Últimamente me he vuelto muy rutinario. Tanto, que a veces empiezo a asustarme. Me despierto temprano, perreo un poquito en la cama, me levanto, me aseo, desayuno, hago la cama, me visto y salgo pitando al trabajo. Echo la mañana en el cole y salgo loco con mis casi ciento cincuenta alumnos. Dando clase, buceando en la burocracia, preparando apuntes y corrigiendo exámenes. Regreso, como, algo de deporte, clases extraescolares y, si hay suerte, disfruto de una cerveza. Luego para casa, un rato de sofá y vuelta a la cama. Podría decirse que llevo una vida de sexagenario.
Luego me paro en seco y pienso. ¿Acaso la rutina no es necesaria? “Acuérdate de cuando viajas, Román…”, dice mi Pepito Grillo interno, “Llega el momento en el que estás hasta las narices de tantas aventuras, de dormir cada día en un lecho diferente, de comer en bares y restaurantes, de no tener tu propio espacio”. Sí, lo veo. “No te olvides de las vacaciones… Eso de vivir sin horarios, sin mirar la hoja del calendario, aunque muy satisfactorio, te descoloca, te hace más vago y más sedentario”.
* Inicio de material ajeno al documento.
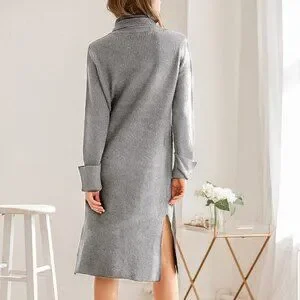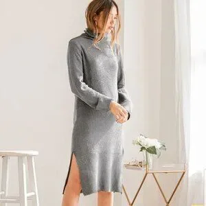 Lulus Exclusive! Be the trendiest babe in the room with the Lulus Snuggled Up Light Grey Knit Turtleneck Midi Sweater Dress! Super soft lightweight knit shapes this cozy sweater dress with a turtleneck, cuffed long sleeves, and a relaxed bodice that ends at a modest midi hem with twin side slits. Pair this cozy number with chic ankle booties for a fall fashion approved look!

Recapacito sobre lo necesaria que es una vida repetitiva (que no aburrida) en la que puedas ordenar tiempo y espacio. Poner las cartas sobre la mesa, conocer tus quehaceres, controlarlos y solventarlos. Organizarte para disfrutar también del tiempo libre, de las nuevas faenas en las que puedes embarcarte. Y sobre todo, mantenerte activo y ser productivo.
Si supieran la de veces que me he planteado “Este verano voy a preparar montones de reseñas geniales, voy a profundizar en esto y lo otro, fotografiar decenas de libros para darles aire en las redes sociales, escribir dos o tres libros que tengo en mente y otros tantos artículos académicos...” y al final, naranjas de la China. Me dedico a procrastinar y nada más.
Sin embargo, durante el curso escolar, a pesar de que vivo con mucha celeridad, con demasiada triquiñuela, soy capaz de darle salida a la mayor parte de mis obligaciones y deseos, de darles forma y obtener, si no unos resultados excelentes, al menos aceptables. Lo más gracioso de todo es que no necesito agenda ni dispositivo electrónico que controle mis pasos. Solo mi despertador Casio que tantas pilas ha gastado.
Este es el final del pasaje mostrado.